In the current environment an approach based on proven experience and expert analysis of the growth potential of individual stocks is essential for investing successfully in emerging markets.
To the uninitiated, emerging markets may seem a difficult area in which to invest in the second half of 2020. But despite concerns that COVID-19 fallout has slowed capital flows to emerging markets, long-term investors focusing on the right portfolio of stocks still have reasons to be positive.
Aside from the effect of the pandemic, concerns around US-China relations, falling earnings and currency weakness may be off-putting for investors, but it’s important not to let the short-term noise drown out medium to longer-term thinking. A clear focus on evidence-based stock selection, targeting strong fundamentals and long-term growth potential, will continue, in our opinion, to drive gains. With veteran Lead Portfolio Manager Austin Forey and his team at the helm, the JPMorgan Emerging Markets Investment Trust continues to make the most of the long-term potential the best emerging market companies have to offer.
The changing face of Emerging Markets
If you still think of emerging markets as being about commodities, banks and property companies, then think again. While a country like China once based its economic growth model on a capital-intensive, infrastructure-driven model, the structure of emerging markets has transformed over recent years.
“People who still think about EM as a commodity-dominated asset class are very much stuck in the last decade,” says Investment Specialist Emily Whiting. “These days commodities are barely touching double digits as a percentage of the Emerging Markets Index; I remember back in 2007-2008 they made up around a third of it.”
“There’s been a very significant change in the past 10 years towards businesses which create value without needing capital to do so,” says Whiting. “One of the most interesting things about emerging markets today is that the kinds of business models that have been so successful for shareholders in the US over the last 20 or 30 years are now much more widespread in emerging markets. For example, social networks, consumer brands, software and e-commerce companies.”
The JPMorgan Emerging Markets Investment Trust portfolio is notably and deliberately tilted towards these types of low capital intensity, high-growth businesses which benefit from a huge potential market.
Confidence born of experience
The Emerging Markets Trust team has a wealth of experience in the sector – in particular, Forey, who has been with the Trust since the mid-nineties and so has weathered enough storms to view current events calmly. Whiting sees that depth of specific emerging market experience as hugely important.
“If you have emerging markets as an offshoot of global equities then the minute all these analysts and portfolio managers move into EM they get absolutely shocked by double-digit declines in a day, which we’re quite hardened to. Thankfully they’re not too frequent but the increased volatility comes as part of the asset class.”

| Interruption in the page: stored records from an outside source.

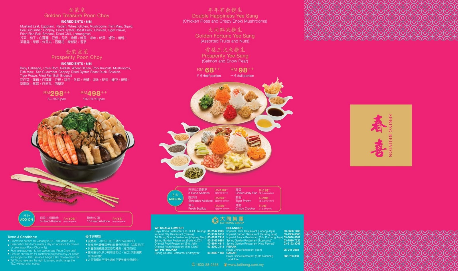 Check out the prices of Tai Thong’s Poon Choy and Chinese New Year set menus as below, click to enlarge.
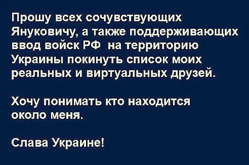 а у меня все с точностью до наоборот, друзья остались друзьями ибо нужно элементарно уважать чужие взгляды, можно конструктивно поспорить но не погружатся в идеотизм, ибо политика политикои а друзба дружбои, а если вы ***** друзеи посылаете только за их взгдяды которые не совпадают с вашими так извините как вас назвать??вы как минимум явно небыли для этих людей другом никогда!!! им стоит задуматся, вот например мои двоюродный брат тоже радикально не разделяет моих взглядов, мы можем долго спорить, в чемто он соглашается со мнои в чемто я с ним, в результате мы приходим к единым решениям и выводам находясь по разные стороны баррикад но никакои ненависти, вражды, и тем более посылания ***** никому и в голову не приходило, и это не единичный случаи, более того те кто был просто знакомыми стали друзьями причем и с противоположнеым мнением......а с таким подходом только разжигать ненависть друг у другу, это глупо, краине глупо.....
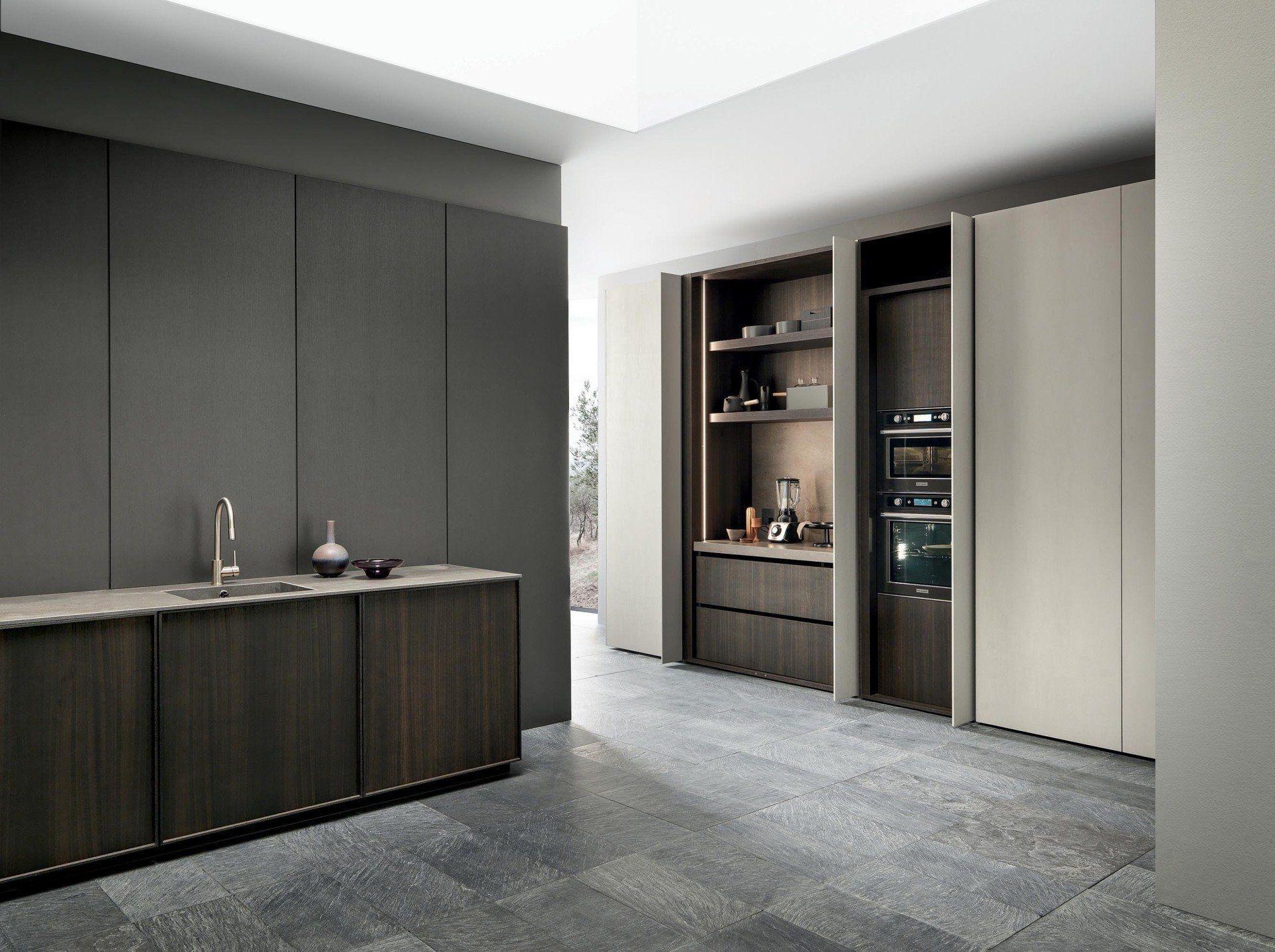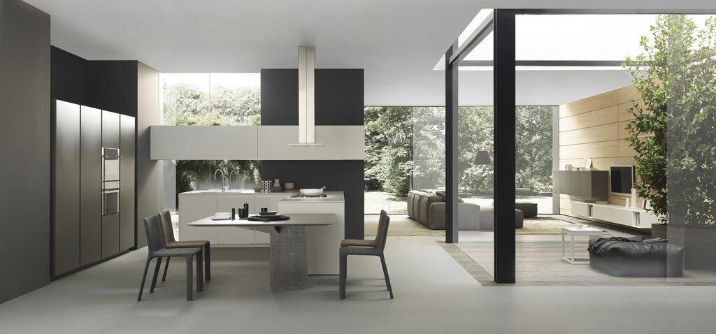 Il nuovo ordine funzionale della cucina offre nuove soluzioni visive: i volumi paralleli, le linee rette, la sintesi del disegno realizzano nuove geometrie.
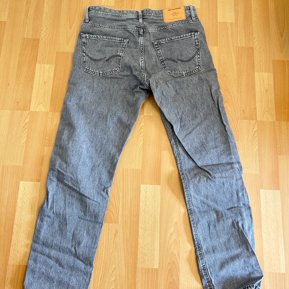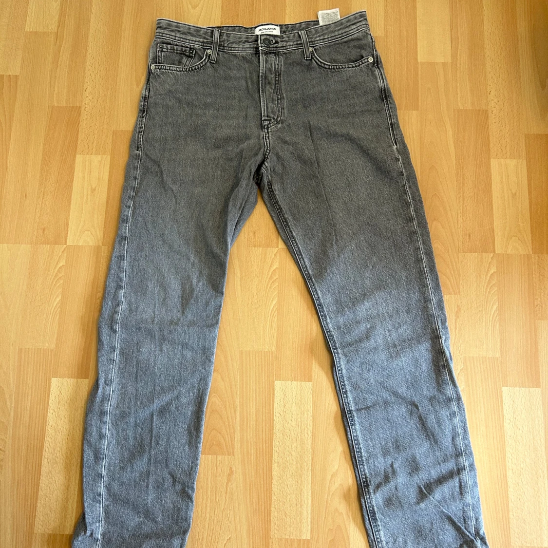 Snygga grå jeans från Jack & Jones i loose fit-modell Chris. Klassisk femficksdesign, raka ben och normal midja. Jeansen är tillverkade i mjukt bomullsjeansmaterial och har en avslappnad vibe som passar perfekt till sneakers och hoodie.
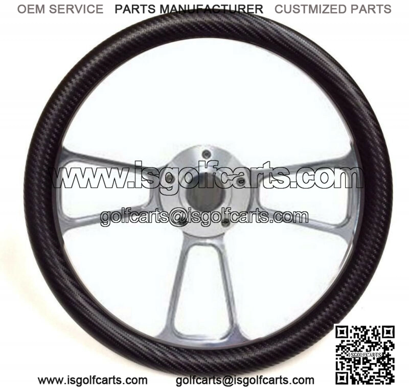 Club Car Golf Cart 14″ Billet & Black Carbon Fiber Steering Wheel + Adapter
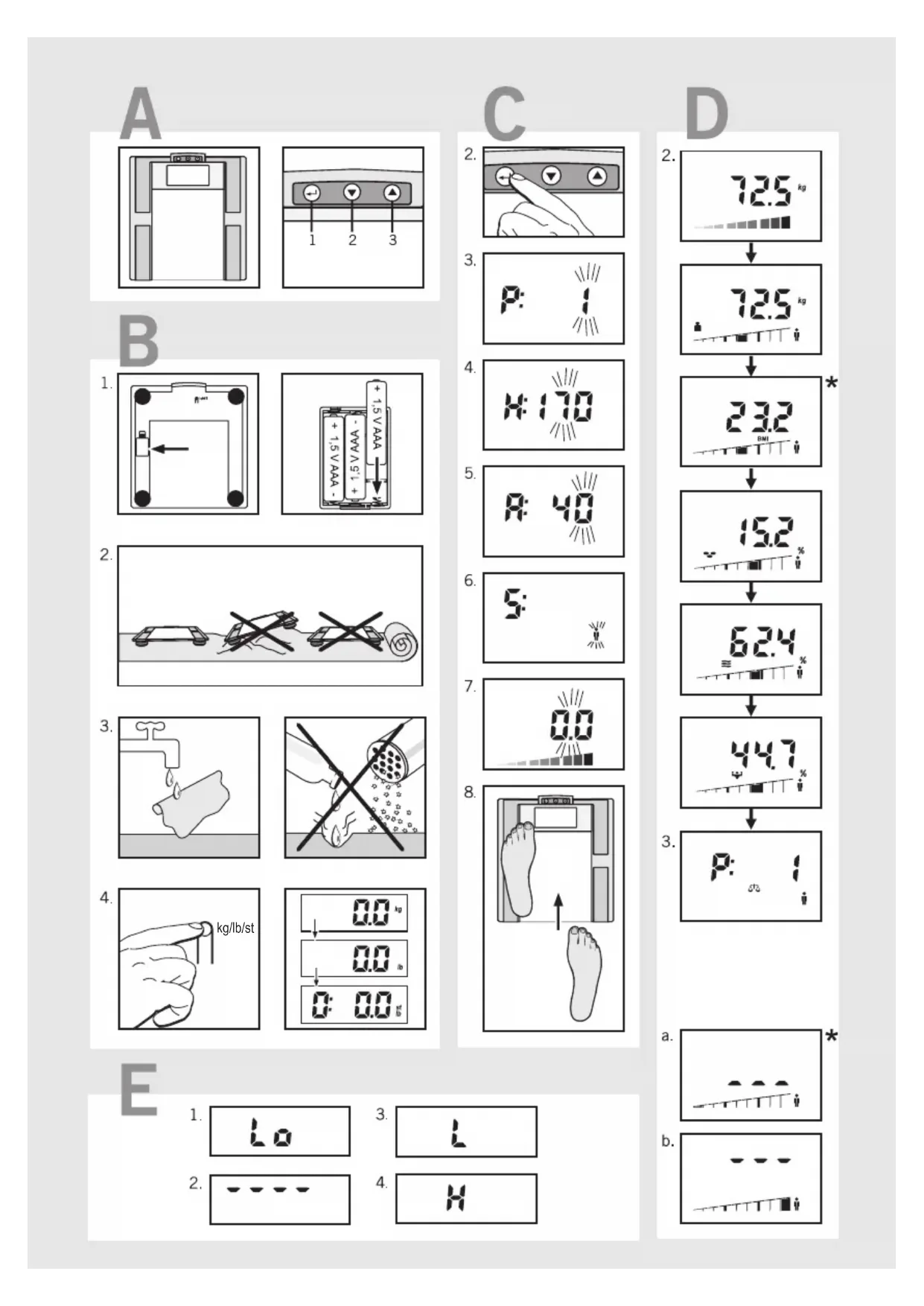 für den zweiten angezeigten Speicherplatz). Dann werden Körpergewicht, BMI, Körperfett-, Körperwasser- und Muskel anteil angezeigt. Bei Gewichtsschwankungen zur letzten Messung von mehr als +/-3 kg wird der Benutzer nicht erkannt, so dass die Dateneingabe wiederholt werden muss.

The key as a long-term investor is having the experience to look through the market noise, to focus on fundamentals not headlines. That results in low turnover rather than the portfolio being frequently shuffled around or changed.
“There are times the market will sell down everything in a country just because of the country it’s in. But if you believe that you’ve bought good quality businesses, if you trust their management, if they have a robust balance sheet, and if they have a superior product – then, sitting on your hands is the best course of action.”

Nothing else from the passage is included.